2. The method according to claim 1, wherein said first substrate polypeptide comprises a DUF2121 recognition motif.
3. The method according to claim 2, wherein during step (i) said polypeptide comprising an N-terminal DUF2121 domain cleaves said DUF2121 recognition motif comprised in said first substrate polypeptide into said partial N-terminal DUF2121 recognition motif comprised in said first cleavage product and a partial C-terminal DUF2121 recognition motif comprised in said second cleavage product, thereby producing said first cleavage product and said second cleavage product.
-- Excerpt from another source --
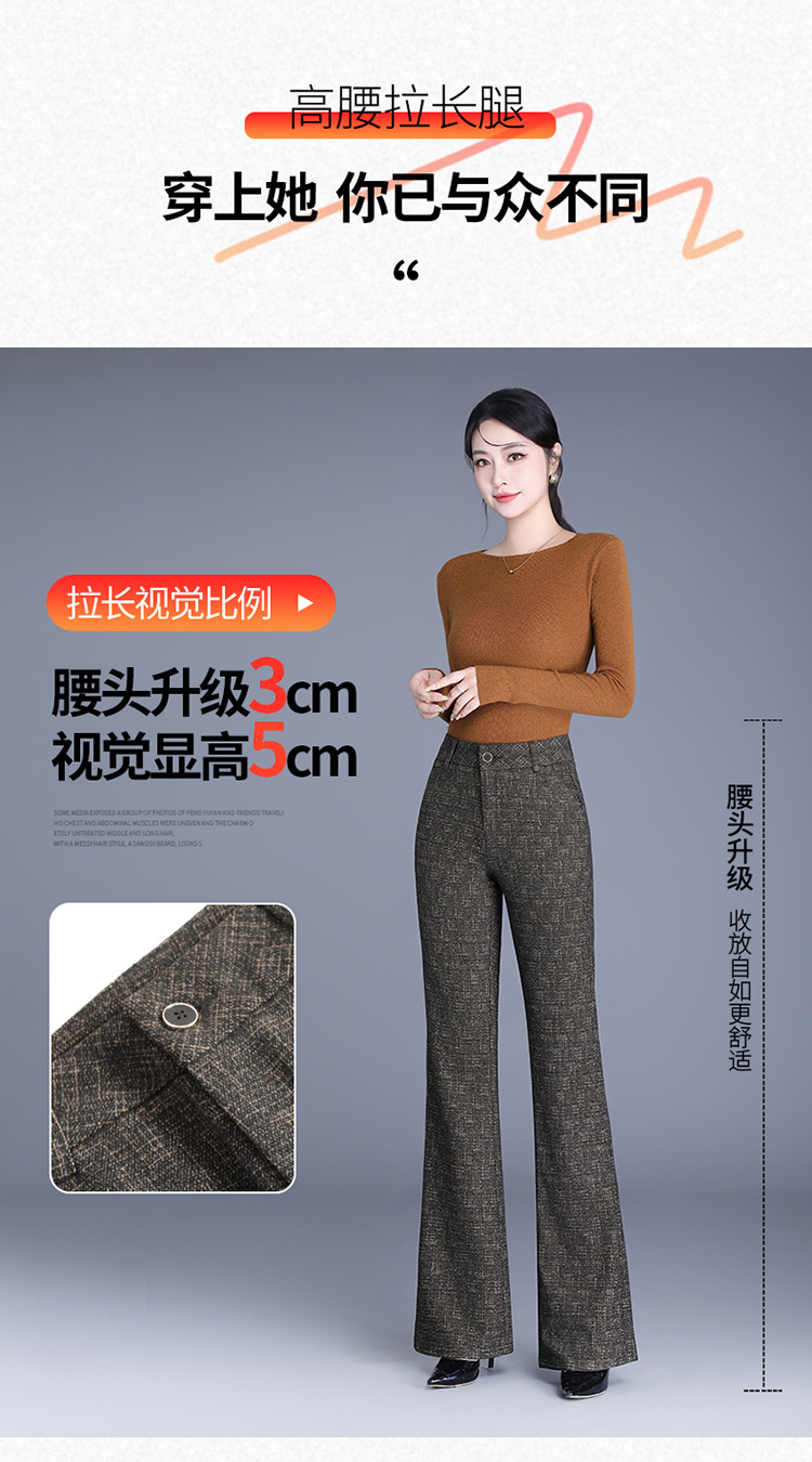 QYM 9851-Y微喇格子西装裤休闲裤气质优雅高腰喇叭裤 商品图1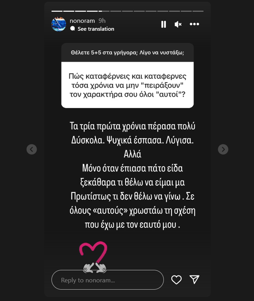 «Πώς καταφέρνεις και κατάφερνες τόσα χρόνια να μη πειράξουν τον χαρακτήρα σου όλοι αυτοί;» ήταν η ερώτηση που της έγινε και η Ελεονώρα Μελέτη αποκρίθηκε: «Τα τρία πρώτα χρόνια πέρασα πολύ δύσκολα. Ψυχικά έσπασα, λύγισα, αλλά μόνο όταν έπιασα πάτο είδα ξεκάθαρα τι θέλω να είμαι, μα πρωτίστως τι δεν θέλω να γίνω. Σε όλους “αυτούς” χρωστάω τη σχέση που έχω με τον εαυτό μου».

4. The method according to any one of claims 1 to 3, wherein said first cleavage product is the C-terminal cleavage product of said first substrate polypeptide, and wherein said second cleavage product is the N-terminal cleavage product of said first substrate polypeptide.
5. The method according to any one of claims 1 to 4, wherein said second cleavage product comprises a partial C-terminal DUF2121 recognition motif.
6. The method according to any one of claims 1 to 5, wherein the N-terminal amino acid of said first cleavage product and the N-terminal amino acid of said second substratepolypeptide are selected from proline, alanine, cysteine, serine, valine, tryptophan, methionine, glycine, leucine, phenylalanine, isoleucine, aspartate, glutamate, histidine, asparagine, glutamine, tryptophan, or tyrosine and wherein said N-terminal amino acid of said first cleavage product and said N-terminal amino acid of said second substrate polypeptide are not identical, and / or wherein the N-terminal amino acid of said first cleavage product and the N-terminal amino acid of said second substrate polypeptide are selected from proline, alanine, cysteine, serine, valine, and wherein said N-terminal amino acid of said first cleavage product and said N-terminal amino acid of said second substrate polypeptide not identical, and / or wherein the N-terminal amino acid of said first cleavage product and the N-terminal amino acid of said second substrate polypeptide are selected from proline, alanine, and wherein said N-terminal amino acid of said first cleavage product and said N-terminal amino acid of said second substrate polypeptide are not identical.
7. The method according to any one of claims 1 to 6, wherein in step (ii) said partial N- terminal DUF2121 recognition motif is modified by one or more enzyme(s) and / or one or more chemical(s), preferably an enzyme or a chemical, preferably wherein said modifying enzyme to be employed in step (ii) is selected from the group consisting of a peptidase and an N-acetyltransferase.
8. The method according to claim 7, wherein said modifying enzyme to be employed in step (ii) has substrate specificity to the N-terminal amino acid residue of said first cleavage product, and / or wherein the N-terminal amino acid residue of said second substrate polypeptide is not a substrate for said modifying enzyme to be employed in step (ii).
9. The method according to any one of claims 1 to 8, wherein the partial N-terminal DUF2121 recognition motif of said second substrate polypeptide comprises the amino acid sequence XGA or XAA, preferably XGA, wherein X is the N-terminal amino acid of said second substrate polypeptide and is as defined in claim 6.
10. The method according to any one of claims 1 to 9, wherein the partial N-terminal DUF2121 recognition motif of said first cleavage product comprises the amino acid sequence XGA or XAA, preferably XGA, wherein X is the N-terminal amino acid of said first cleavage product and is as defined in claim 6.
11. The method according to any one of claims 1 to 10, wherein said partial C-terminal DUF2121 recognition motif of said second cleavage product comprises the amino acid sequence KD or RD, preferably KD.
12. The method according to any one of claims 1 to 11, wherein the DUF2121 recognition motif of the first substrate polypeptide comprises the sequence as defined in any one of SEQ ID NO: 365 to 578 or a sequence having at least 60% sequence identity to said sequence.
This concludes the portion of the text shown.